Although the Russian auto market is relatively attractive, there are some difficulties, says Hu Jiangyun, a researcher for the Development Research Center of the State Council.

"The major challenge is strict admittance standards," says Hu. "For example, the Russian government has decreased the maximum age for imported second-hand vehicles from seven years to five years. It also plans policies for favorable taxation to encourage R&D and investment by its home automakers."

Xu of FAW notes another factor. "In Russia, the authentication period of a vehicle model is always over 180 days, which increases the cost and the length of time it takes in the export process."

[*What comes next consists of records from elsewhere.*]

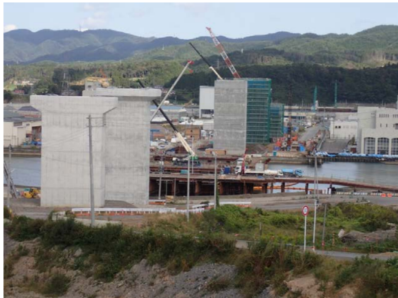
▲No.83付近から終点側を望む
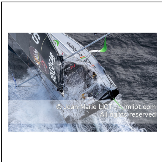
Fabrice Amédéo, skipper de l'IMOCA Newrest Art & Fenêtres à l'entrainement avant le départ du Vendée Globe 2020, mer d'Iroise le 29/08/2020, Photo © Jean-Marie LIOT.###.Fabrice Amédéo, skipper IMOCA Newrest Art & Fenêtres before the start of the Vendée Globe 2020, Iroise on august 28, 2020, Photo © Jean-Marie LIOT.
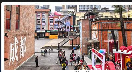
ตงเจียวจื้ออี้
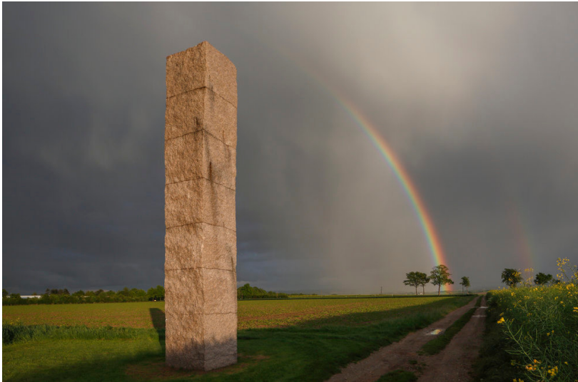
Rückriem-Skulptur in Zülpich (2014)
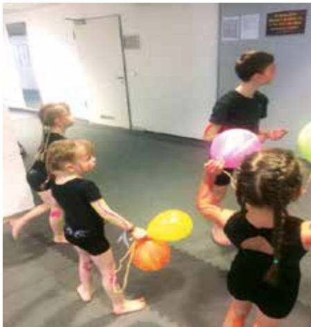
Warten auf dem Gang

Freude und Spaß bei den Vorbereitungen direkt vor der Show, beim Bemalen unseres Körpers, beim Haareflechten, beim Einturnen auf dem Gang.
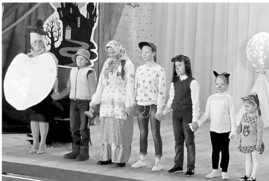
Артисты из с. Каменка прекрасно сыграли в сказке «Репка».
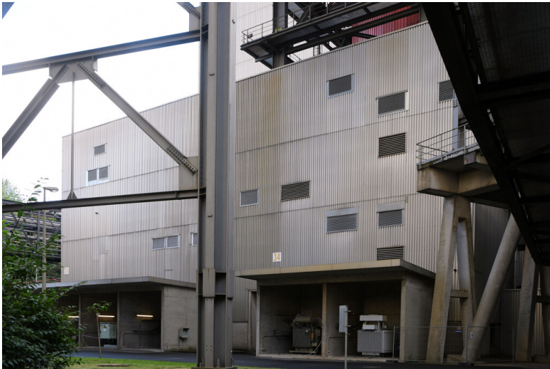
Kraftwerk Neurath: REA-Schaltanlage A/C, Ansicht von Westen
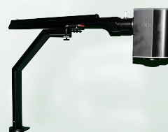
VISUS ICON Flex XY Rail System Microscopio digital ICON Flex + Sistema de rieles XY
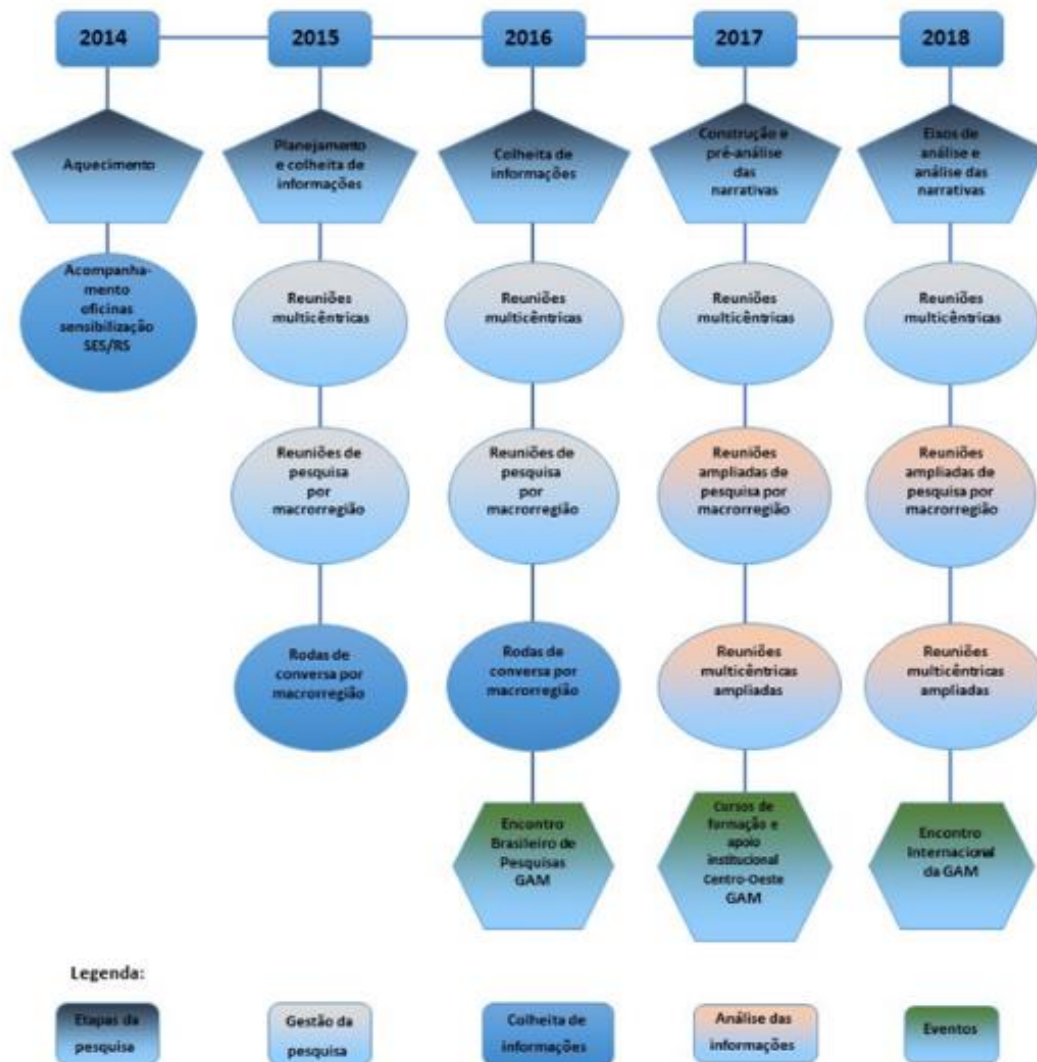
Figura 1. Dispositivos da pesquisa.
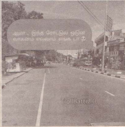
ஆமா.. இந்த ரோட்டுல ஒடுன வாகனம் எல்லாம் எங்க டிரா
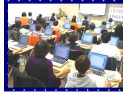
アクロス主催 「ゆっくりパソコン入門」 の様子
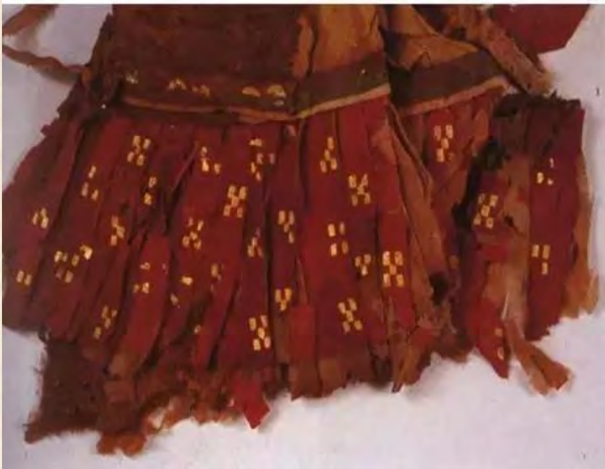
（新疆营盘墓地汉晋墓中出土的贴金衣褶）

丝绸之路是一条什么样的路？实际上它就是一条流淌着滚滚物质欲望的大路，是用人和骆驼柔软的脚步掌踩开蔓草荒芜，踏平高山大漠开出来的一条路。这条路上往来交换的是世界上不同文明所创造的不同物质，而背后驱动的，是人们享受物质财富的欲望。
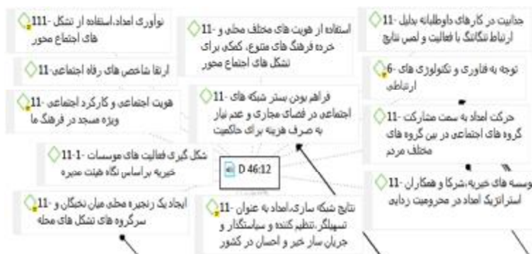
شکل 1. برشی از کدگذاری یکی از مصاحبه‌ها در نرم‌افزار اطلس‌تی 8

کدگذاری باز، مفهوم‌سازی در اولین سطح انتزاع است و بهتر است توجه پژوهشگر معطوف به درک مفهوم مورد بحث باشد و نه به واژه‌هایی که برای تشریح رویدادها به کار می‌رود [35]، ص 110]. از این رو در این پژوهش به کدگذاری نکات و مفاهیم کلیدی به جای تحلیل جزء به جزء و بسیار خرد پرداخته شد تا تمرکز بیشتری روی مفهوم اصلی انجام شود. همچنین مقایسه مستمر به شکل مداوم در طول فرایند پژوهش انجام شد و رفت و برگشتی بودن فرایند به شکل مطلوب رعایت گردید. علاوه بر این، به دلیل اهمیت یادداشت‌های نظری در رویکرد کلاسیک، طی فرایند کدگذاری باز، نکات مهم و کلیدی در بخش یادداشت‌های نرم‌افزار اطلس‌تی ثبت می‌شد تا پرورش مفاهیم و شکل‌گیری روابط آنها به خوبی انجام شده و در نهایت، نظریه اصلی از غنای نظری مطلوبی برخوردار باشد. شکل 1 بخشی از کدگذاری یکی از مصاحبه‌ها را در نرم‌افزار اطلس‌تی نشان می‌دهد.

"So we chose the way of exporting complete vehicles and parts at the same time. This year, our complete and knocked-down vehicle exports will hit 10,000 units and by 2010, we plan to sell 40,000 units of complete vehicles. Our sales target is to hit $700 million by 2011," says Xu.

Suggestions

"I think Chinese enterprises, such as leading domestic makers Chery Automobile and Geely Holding Group, should further develop their processes and overseas investment to find new ways of auto trading," says Hu.

He believes the improvement and innovation of Chinese auto manufacturing and technology will "definitely accelerate Sino-Russian auto trade".

"Most Russian consumers consider Chinese-made auto products to have low prices. Yet to make a strong foothold in the market, Chinese vehicle makers should guarantee high-quality," says Kang of Hafei.

The Russian government recently refused to approve four agreements on assembling Chinese vehicles in Russia, so "enterprises should focus on auto trading first, then go to overseas manufacturing", Zhang says. "And service is the key to winning the market and enhancing brand image."

He also notes that "Chinese enterprises should pay more attention to researching regulations".

"In the Russian market, when they meet a regulatory conflict, Chinese companies should solve problems through negotiation, not complain about changeable official regulations in the country."